* Task to carry out
Return exactly the lines of the entries that start at the line containing "The blood alcohol" and continue to the last line. Omit the pictures.

##### Listed entries

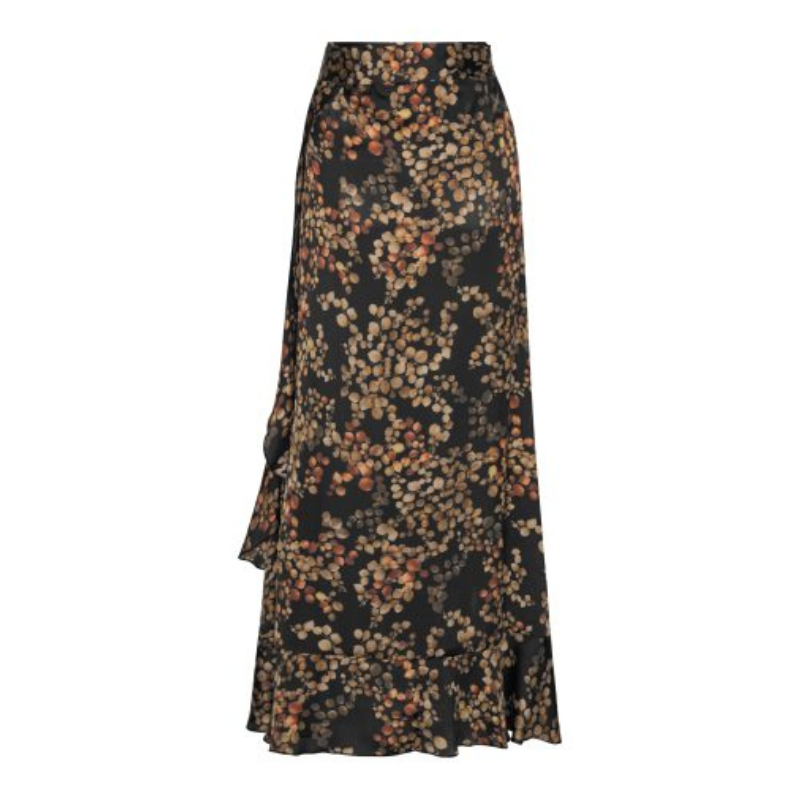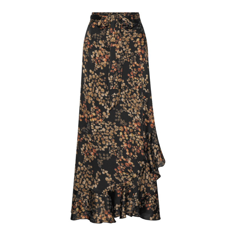 Elegant justerbar slå-om-nederdel med flæsekant. Til både dag- og aftenbrug.
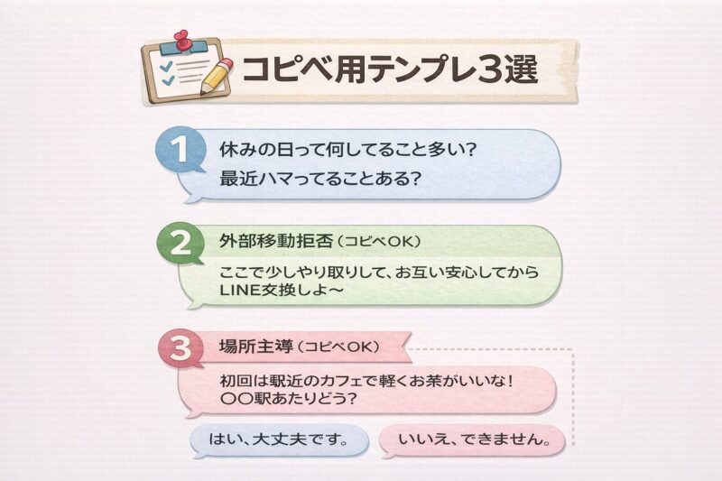 - 迷ったらこれ:炙り出しテンプレ3つ(コピペOK)
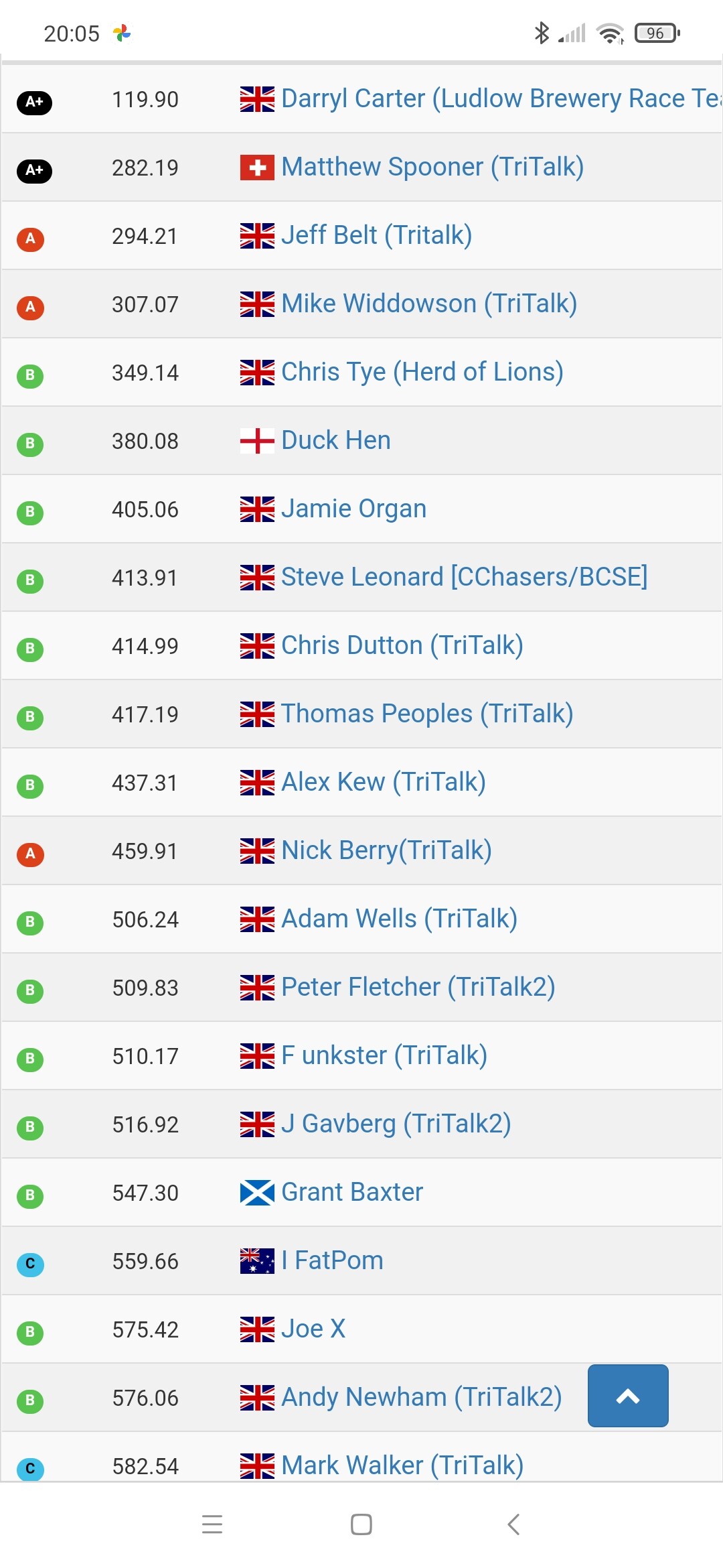 So using an example of a race between all 29 ZwiftPower Tritalkers:
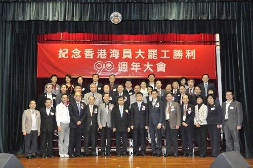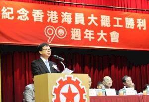 工聯會及香港海員工會(工會)今天假座工人俱樂部舉行「紀念香港海員大罷工勝利90週年大會」,約有300多名兩岸四地工會代表和嘉賓聚首一堂,懷緬這段光輝歷史,藉以發揚工人們愛國、團結及維權的精神,推動香港工運發展。
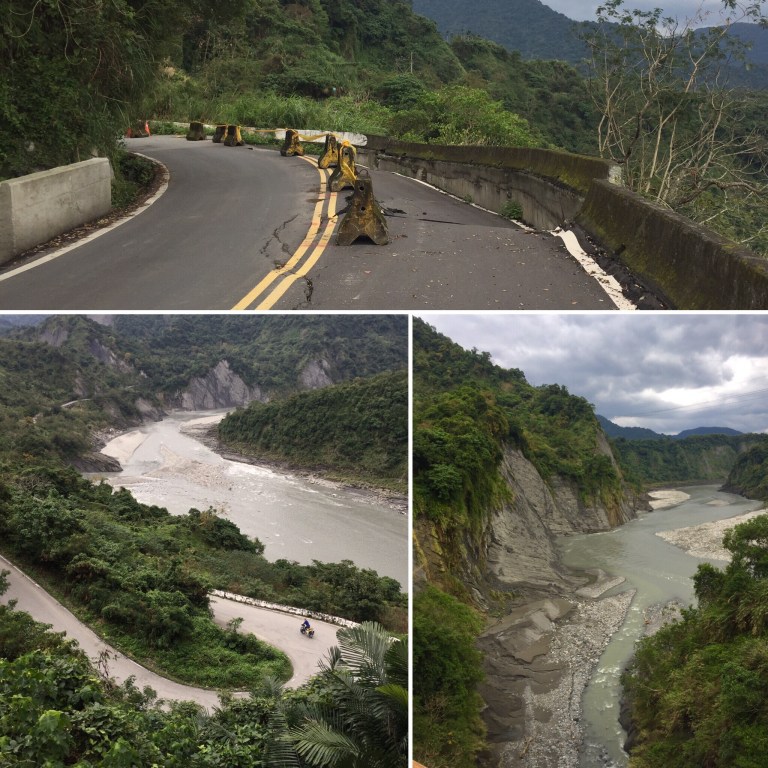 With a break in the forecast we hit the route no. 1 and thankfully the rain was light. We stayed in a hostel and stumbled into a supermarket which gave us some home treats for the coming days. We had been warned by everyone we met not to cycle the next 100km which took you through the world’s highest cliffs. Earthquakes and landslides (after days of rain) could block the road and there was no room to cycle next to trucks. We followed their advice and took no unnecessary risks. Taiwan is set up for cycling and railway stations have ramps, lifts and there are several trains you can take your bikes on. You pay half price ticket for your bike, which at £1.50 is nothing to complain at. Within 90 minutes we were on the other side of the notorious cliffs and set out to climb into Taroko national park. It had been raining for days and the gorge was full,of water, the road had been cleared of recent rock falls but we climbed with caution. Especially as the hut we passed was loaning out free helmets for walkers. As several tourists had been killed in a hot spring when rocks fell onto them several years ago. We were already wearing our cycle helmets as we cycled up the twisting road and waterfalls cascading from high mountains. White marble river beds and turbulent waters had left their marks here. We camped the night in an official free campsite again, we were the only ones.
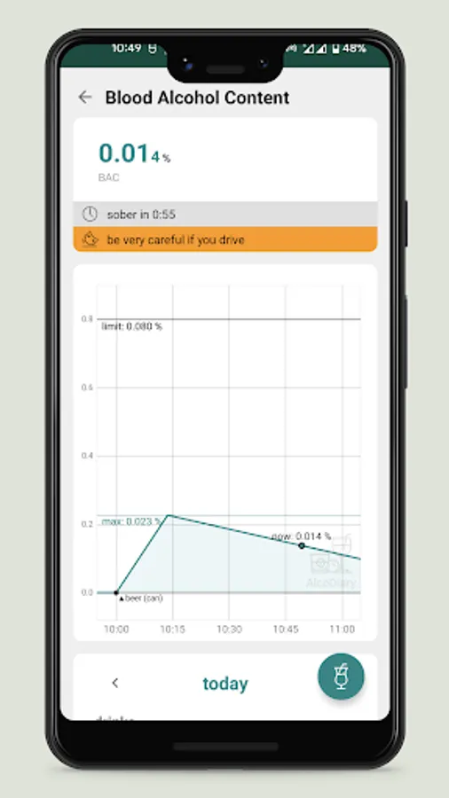 The blood alcohol content (BAC) calculator allows you to determine your current and future BAC. Taking into account personal and physical characteristics such as gender, age or weight allows for an accurate BAC calculation. All you have to do is add alcoholic beverages consumed at the present time or in the past. The application provides a list of predefined drinks (beer, wine, cocktails...) but also allows you to create your own drinks (volume, alcohol percentage).
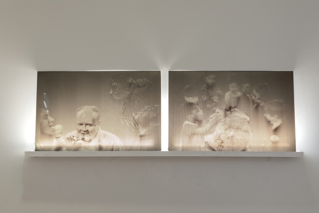 Two parallax barrier multi-scopic prints on glass, programmed LED tubes, 41 × 122 cm.
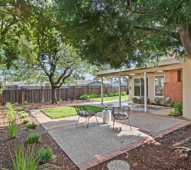 Enjoy the Bay Area’s fantastic year-round weather in spacious backyard with awning; two mature trees that provide ample shade; raised planters perfect for vegetables and herbs; storage shed; and oversized side yards for additional seating, storage, or gardens!
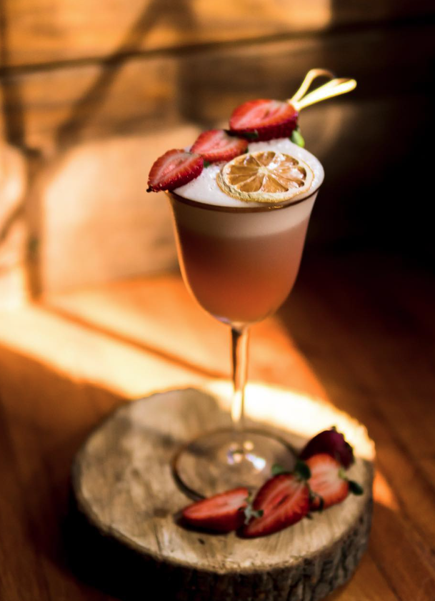 Combine all ingredients except the fresh strawberries and lemon wheel in shaking tin with ice. Reverse dry shake and double strain into a chilled coupe. Garnish with sliced strawberries lemon wheel. Serve and enjoy.
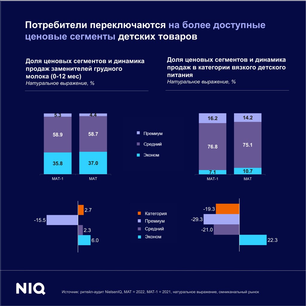 Продажи товаров для детей на онлайн- и офлайн-рынках в 2022 г. снизились вобъемах на 7,9% к 2021 г. В денежном выражении показатель увеличился на 10,5%,однако это почти вдвое ниже среднего уровня продаж на FMCG-рынке. Об этомговорится в результатах исследования NielsenIQ.
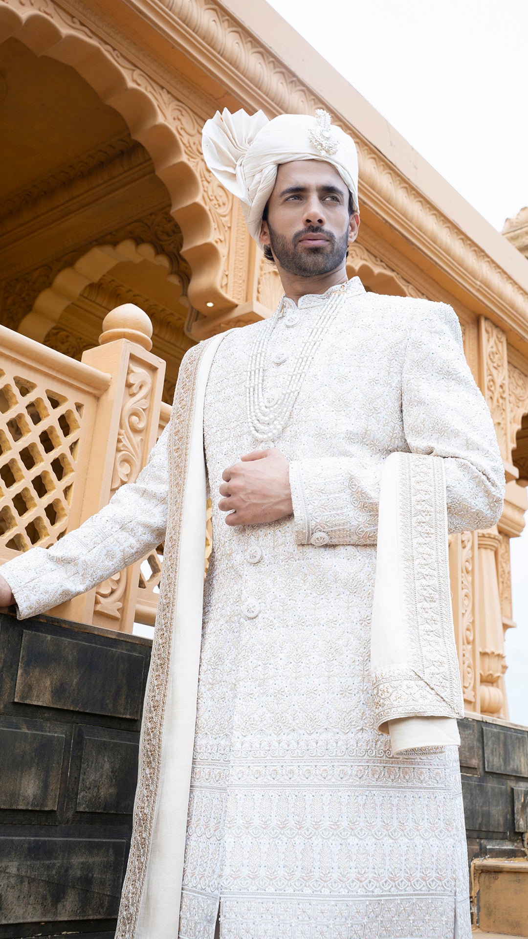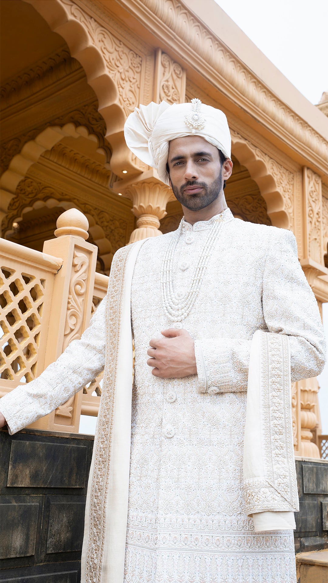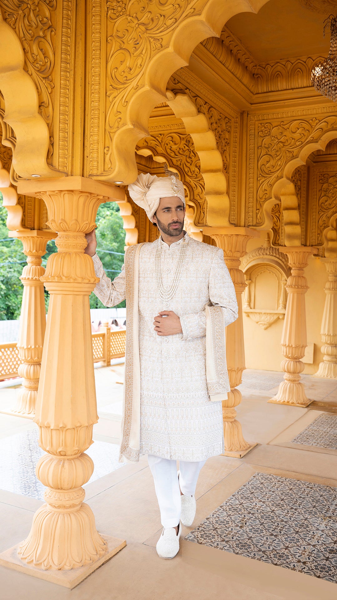 Crafted for the modern maharaja, the Golden Groom Sherwani is a complete ensemble featuring ornate embroidery, a statement stole, safa, and kilangi. It’s luxury layered in culture fit for the wedding aisle and beyond.

##########

* Response below
 The blood alcohol content (BAC) calculator allows you to determine your current and future BAC. Taking into account personal and physical characteristics such as gender, age or weight allows for an accurate BAC calculation. All you have to do is add alcoholic beverages consumed at the present time or in the past. The application provides a list of predefined drinks (beer, wine, cocktails...) but also allows you to create your own drinks (volume, alcohol percentage).
 Two parallax barrier multi-scopic prints on glass, programmed LED tubes, 41 × 122 cm.
 Enjoy the Bay Area’s fantastic year-round weather in spacious backyard with awning; two mature trees that provide ample shade; raised planters perfect for vegetables and herbs; storage shed; and oversized side yards for additional seating, storage, or gardens!
 Combine all ingredients except the fresh strawberries and lemon wheel in shaking tin with ice. Reverse dry shake and double strain into a chilled coupe. Garnish with sliced strawberries lemon wheel. Serve and enjoy.
 Продажи товаров для детей на онлайн- и офлайн-рынках в 2022 г. снизились вобъемах на 7,9% к 2021 г. В денежном выражении показатель увеличился на 10,5%,однако это почти вдвое ниже среднего уровня продаж на FMCG-рынке. Об этомговорится в результатах исследования NielsenIQ.
 Crafted for the modern maharaja, the Golden Groom Sherwani is a complete ensemble featuring ornate embroidery, a statement stole, safa, and kilangi. It’s luxury layered in culture fit for the wedding aisle and beyond.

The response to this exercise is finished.